## Exercise directions
Output, exactly as written, the lines below from the one that has "final stack. |" through the one that has "OptraMarket (optramarket.com) позиционирует"; nothing else, and no pictures.

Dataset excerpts

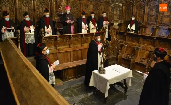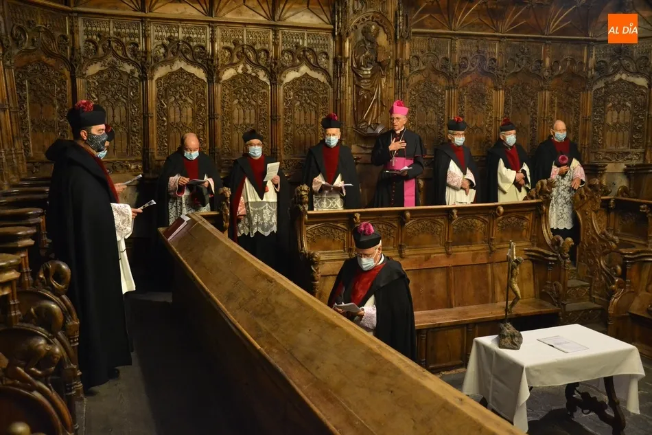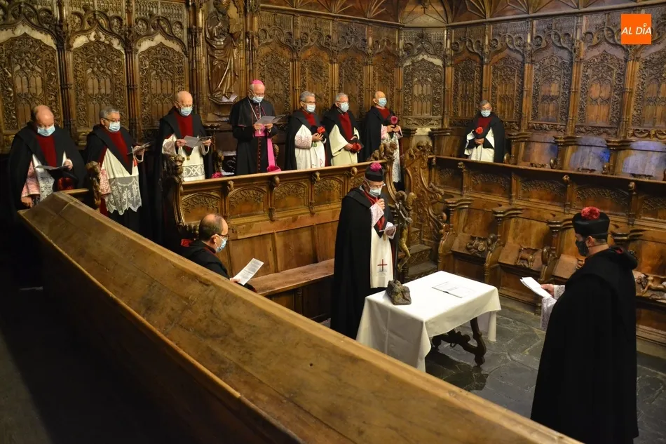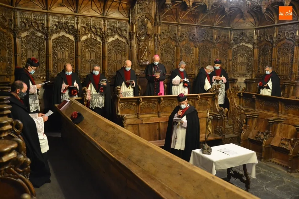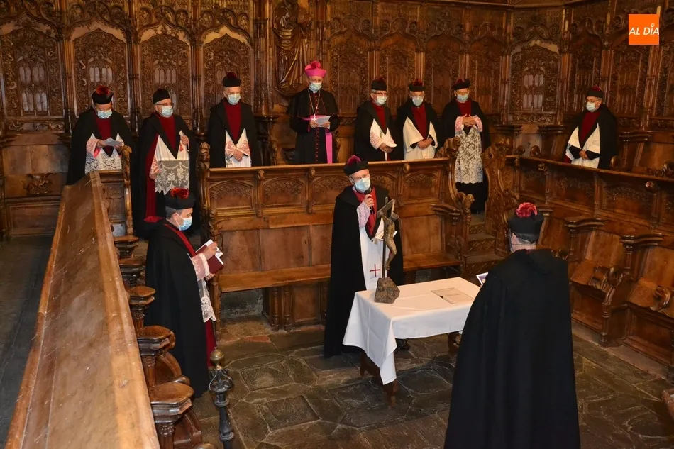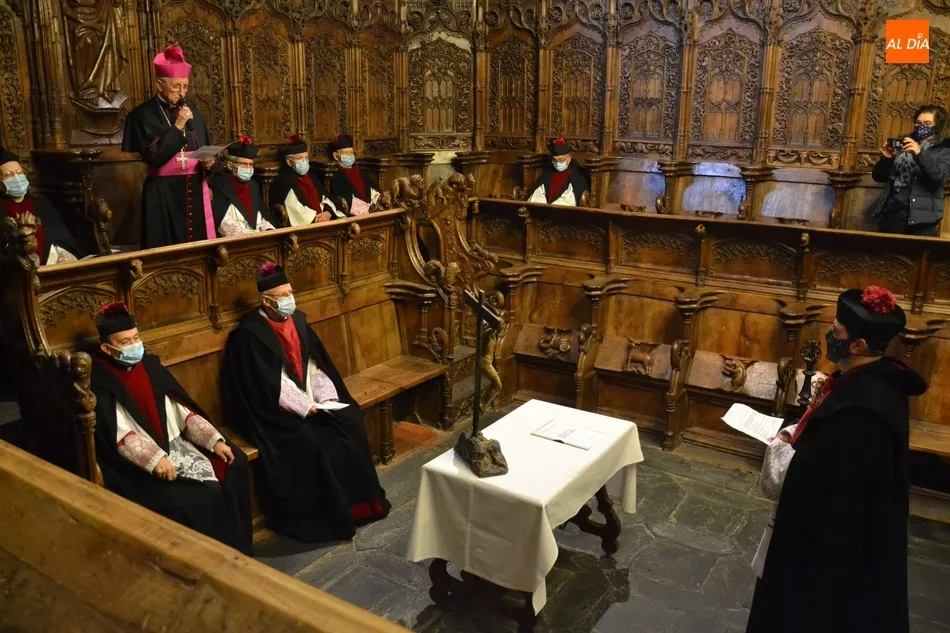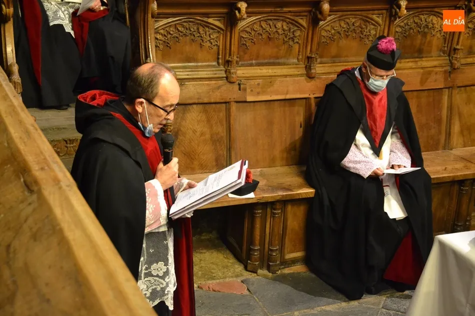 Siguiendo el ritual, los canónigos se sentaron en los lugares que tienen asignados (con Jesús García Burillo en la Silla Episcopal), excepto Ángel Martín Carballo y Rafael Caño, quiénes permanecieron en la planta baja del Coro separados por una mesa con un crucifijo y los Estatutos Capitulares, sobre los cuales el nuevo canónigo de la Catedral prestó juramento, una vez se dio lectura al nombramiento por parte del secretario capitular, Tomás Muñoz Porras (que en el inicio también se situó en la parte baja).
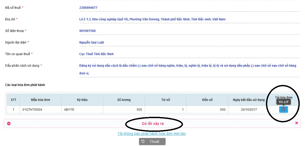 Lỗi 58: Lập hóa đơn, hệ thống báo :”Có lỗi xảy ra”
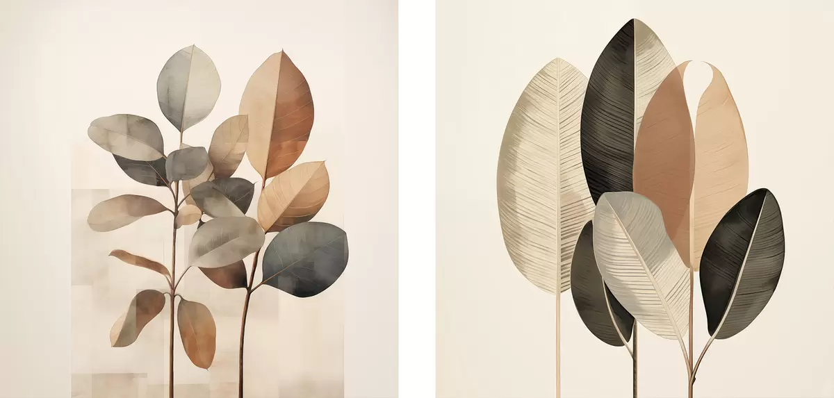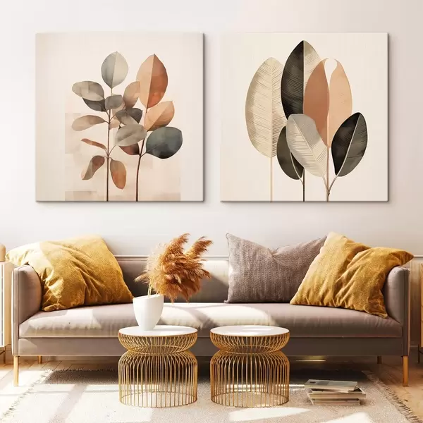 Obraz Vysoké rostliny s oválnými listy v tlumených barvách a s abstraktními obdélníkovými tvary Č. m30211
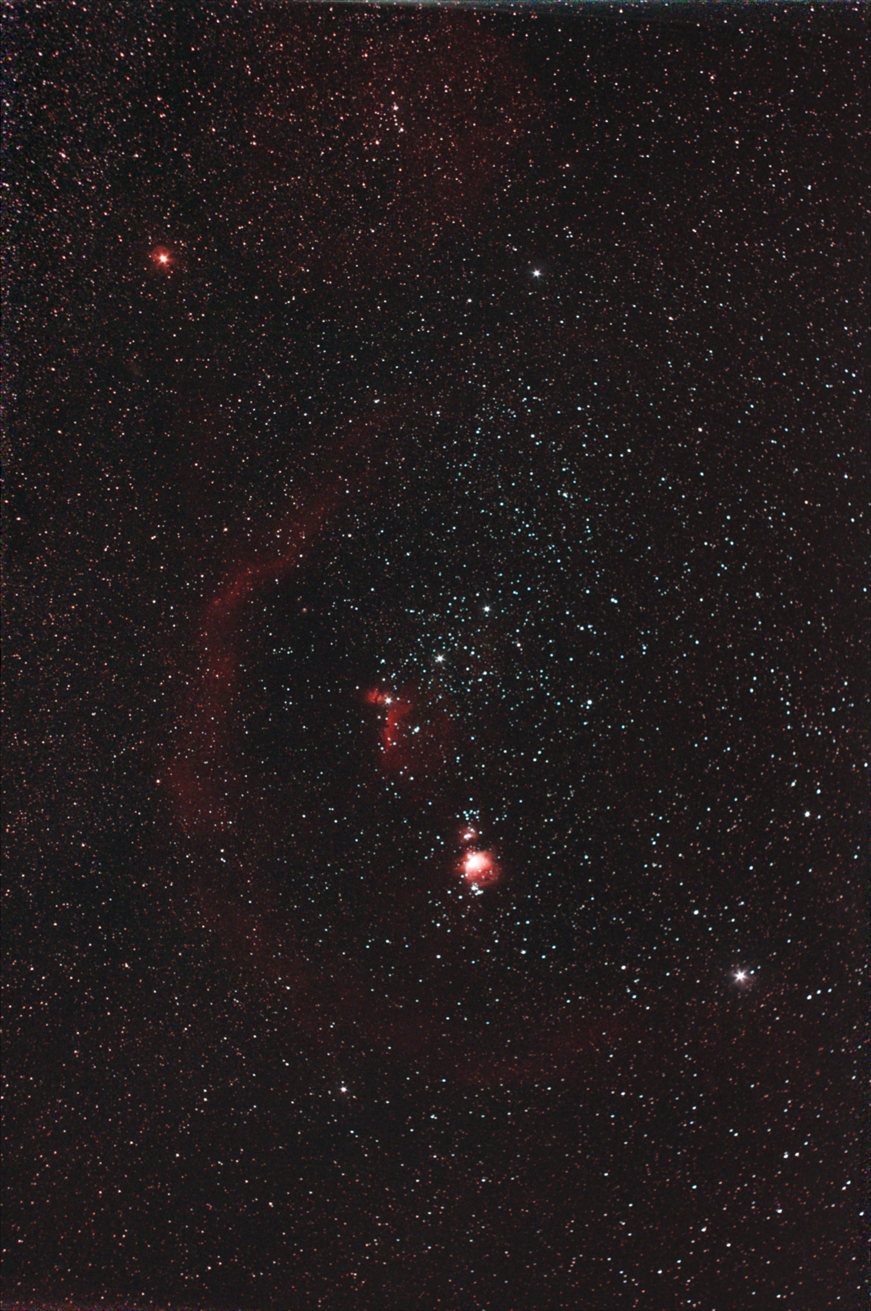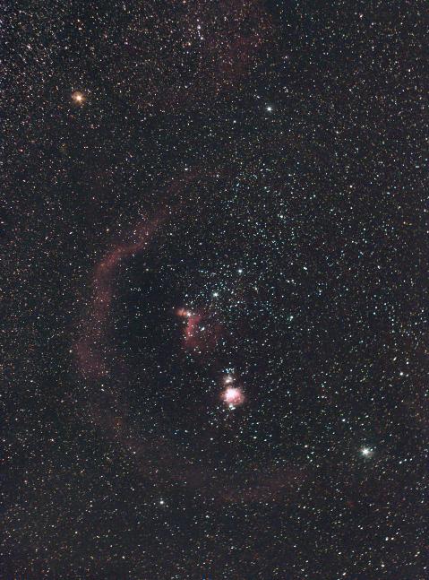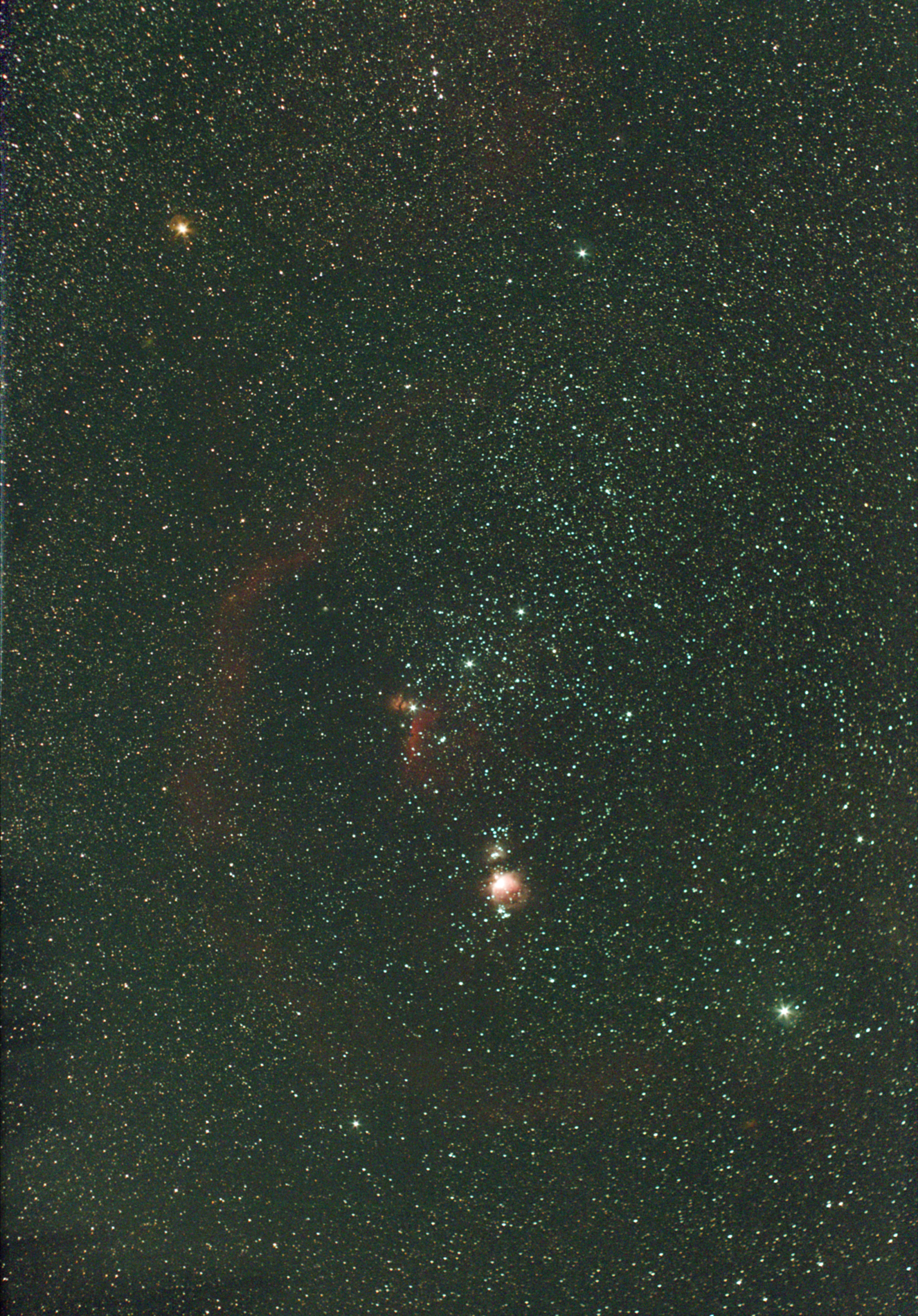 | Orion Constellation. 42 M of 20, 30. 45 and 60 second frames - Baader UHC-S Filter - original color and luminance layer used in final stack. |
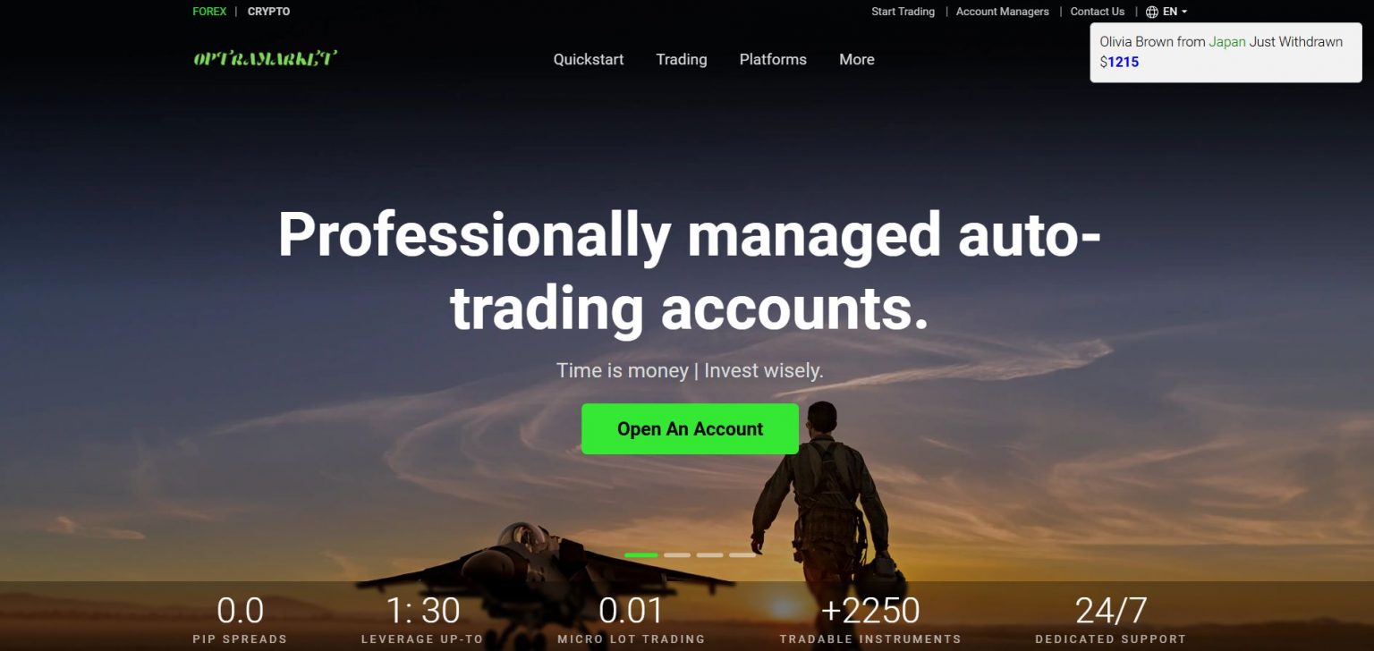 OptraMarket (optramarket.com) позиционирует себя как надежного брокера с международным охватом. Компания обещает быстрый доступ к рынкам и широкий выбор инструментов. Среди них заявлены акции, валютные пары, криптовалюты и сырьевые товары. Однако проверка информации показывает отсутствие прозрачности и реальные признаки риска.
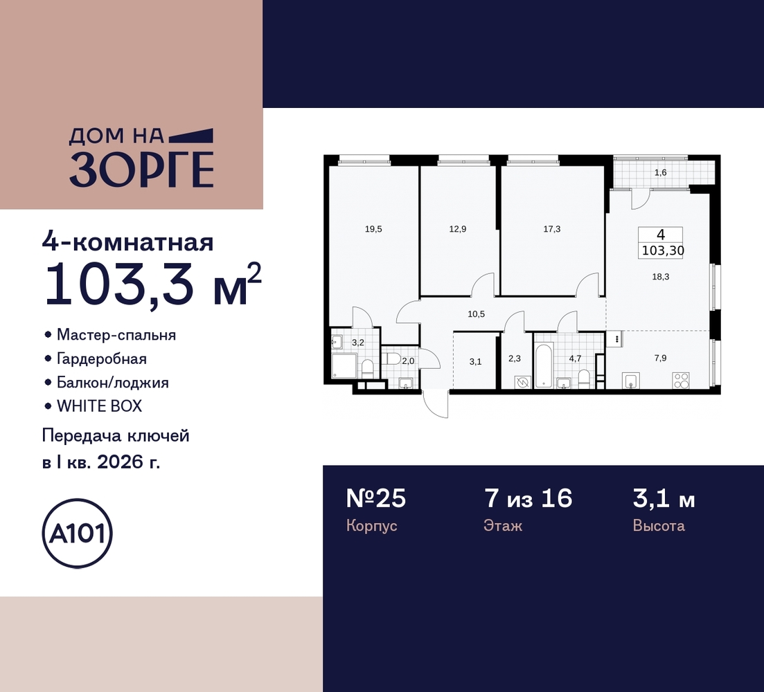 Четырехкомнатная квартира с европланировкой и предчистовой отделкой в ЖК "Дом на Зорге" на 7 этаже. Общая площадь: 103.3 кв.м., жилая: 68 кв.м., общая площадь гостиной-столовой с кухонной зоной: 26.2 кв.м. Европланировка, за счет большой площади кухни-гостиной квартира выглядит просторной и очень удобна для жизни. Квартира угловая, очень светлая, естественная вентиляция при открытии окон. В квартире одна лоджия, два совмещенных и один раздельный санузел. Высота потолков 3.1 м. Имеется ниша под гардероб. Дом монолитный, двухподъездный, высотой 16 этажей. Квартира находится во 2-й секции в корпусе 25. На этаже 8 квартир. В подъезде 1 пассажирский и 1 грузовой лифт. Начало строительства - 2 квартал 2023 года. Окончание строительства - 1 квартал 2026 года. Оформление сделки по договору долевого участия. Артикул квартиры по базе застройщика 25К-25-237. В шаговой доступности от дома расположены станции метро (расстояние по прямой): «Зорге» (500 м), «Октябрьское поле» (800 м), «Панфиловская» (900 м), «Сокол» (1.6 км), «Хорошево» (1.6 км). ПРЕДЛОЖЕНИЯ ОТ ЗАСТРОЙЩИКА В ОКТЯБРЕ 2025: Ипотека от 13,9 % для всех! На весь срок. "Семейная ипотека" вернулась. Ставка от 3,5 % на весь срок! Без удорожания! Выгодное ипотечное комбо: Ипотека от 2200 р./мес. и от 6 % после рождения ребёнка! Ипотека для всех "Держи пять!" - ставка 5 % на 2 года! *более подробную информацию по скидкам и акциям уточняйте в отделе продаж "Дом на Зорге"» бизнес-класса возводится в престижном районе «Сокол» с исторической «сталинской» застройкой и статусными жилыми комплексами на границе с Хорошёвским районом Северо-Западного АО. До действующей станции метро (и МЦК) «Зорге» всего 350 метров. «Дом на Зорге» отличается элегантным и статусным внешним видом – идеально соответствует «дресс-коду» исторического окружения и в тоже время обращает на себя внимание. Вентилируемые фасады облицованы фиброцементными и керамогранитными панелями, которые повторяют фактуру натурального камня и бетона. Кондиционеры скроют корзины и стильные блоки, расположенные в декоративных элементах фасада. Мягкая архитектурно-художественная подсветка подчеркнёт благородный экстерьер дома. Сформированная инфраструктура района предоставит жителям богатый выбор мест для отдыха, шопинга и занятий спортом. На первом этаже «Дома на Зорге» откроются уютные магазины, атмосферные кафе и салоны красоты с отличным сервисом. Здесь предусмотрено всё для удобства, позитивного настроения и безопасности жителей. В закрытый двор не войдут посторонние. Автомобили останутся за периметром или в подземном паркинге. Две 16-этажных секции дома соединит лобби с дизайнерской отделкой. Оно станет стильным общественным пространством и главным входом для жителей, также ведущим в скрытый от посторонних глаз приватный внутренний двор. Всего в локации – более четырёх десятков разнообразных учебных учреждений для детей, включая легендарную «Курчатовскую школу». В шаговой доступности находятся корпуса школы № 1251 имени генерала Шарля де Голля – с дошкольным отделением. На территории дома будут благоустроены общий и приватный (доступный только жителям) дворы. Дизайн каждой функциональной зоны уникален, а вместе они подчёркивают благородный архитектурный стиль здания. В основе цветовых решений – «отражение» фасадов, мягкие природные оттенки. (AQID02221192)
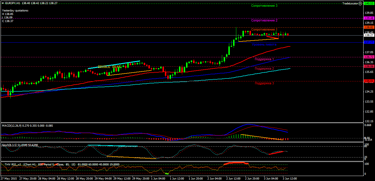 Пара EUR/JPY H1. Индикатор MACD - находится в положительной зоне поддерживает покупки. Индикатор стохастик -находится между зонами 20-80 и не подаёт чётких сигналов. Индикатор RSI-поддерживает покупки. Северные цели: сопротивление -1(138.82), сопротивление-2(139.48), сопротивление-3(140.53). Южные цели: поддержка-1(136.72), поддержка-2(136.06), поддержка-3(135.01). Цена торгуется в восходящем канале,выше скользящих средних(ЕМА) с периодами (50,100,200) и выше пивота.

## Worked solution
 | Orion Constellation. 42 M of 20, 30. 45 and 60 second frames - Baader UHC-S Filter - original color and luminance layer used in final stack. |
 OptraMarket (optramarket.com) позиционирует себя как надежного брокера с международным охватом. Компания обещает быстрый доступ к рынкам и широкий выбор инструментов. Среди них заявлены акции, валютные пары, криптовалюты и сырьевые товары. Однако проверка информации показывает отсутствие прозрачности и реальные признаки риска.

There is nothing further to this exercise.